**Exercise aim**. Copy the data exactly, pictures aside.

**Data segment**.
******************************

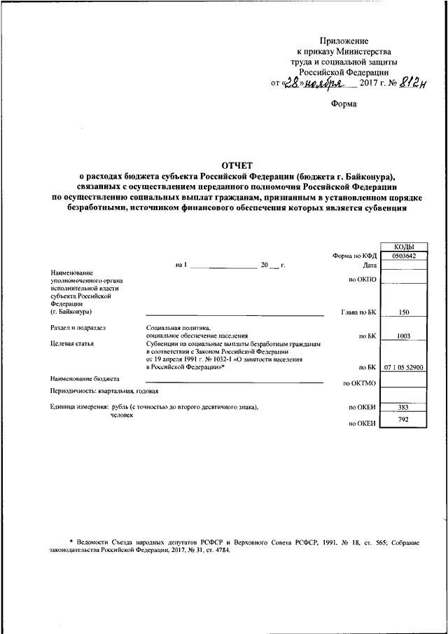 ПРИКАЗ Минтруда РФ от 28.11.2017 N 812н
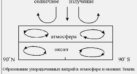 Циркуляционные потоки в атмосфере и океанах Земли - под действием солнечного излучения - самоорганизация на Земле.
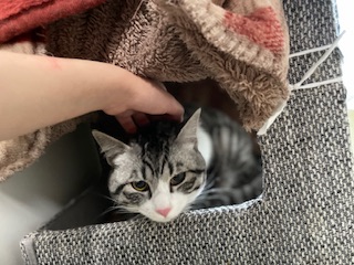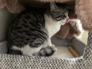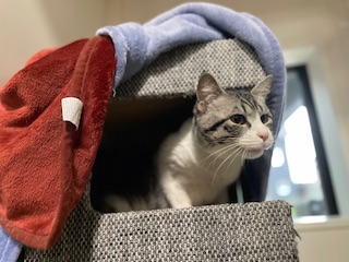 夕方は少し慣れてきたのか、キャットタワーから顔を出してくれました🥺👏

******************************

**Finished task**.
 ПРИКАЗ Минтруда РФ от 28.11.2017 N 812н
 Циркуляционные потоки в атмосфере и океанах Земли - под действием солнечного излучения - самоорганизация на Земле.
 夕方は少し慣れてきたのか、キャットタワーから顔を出してくれました🥺👏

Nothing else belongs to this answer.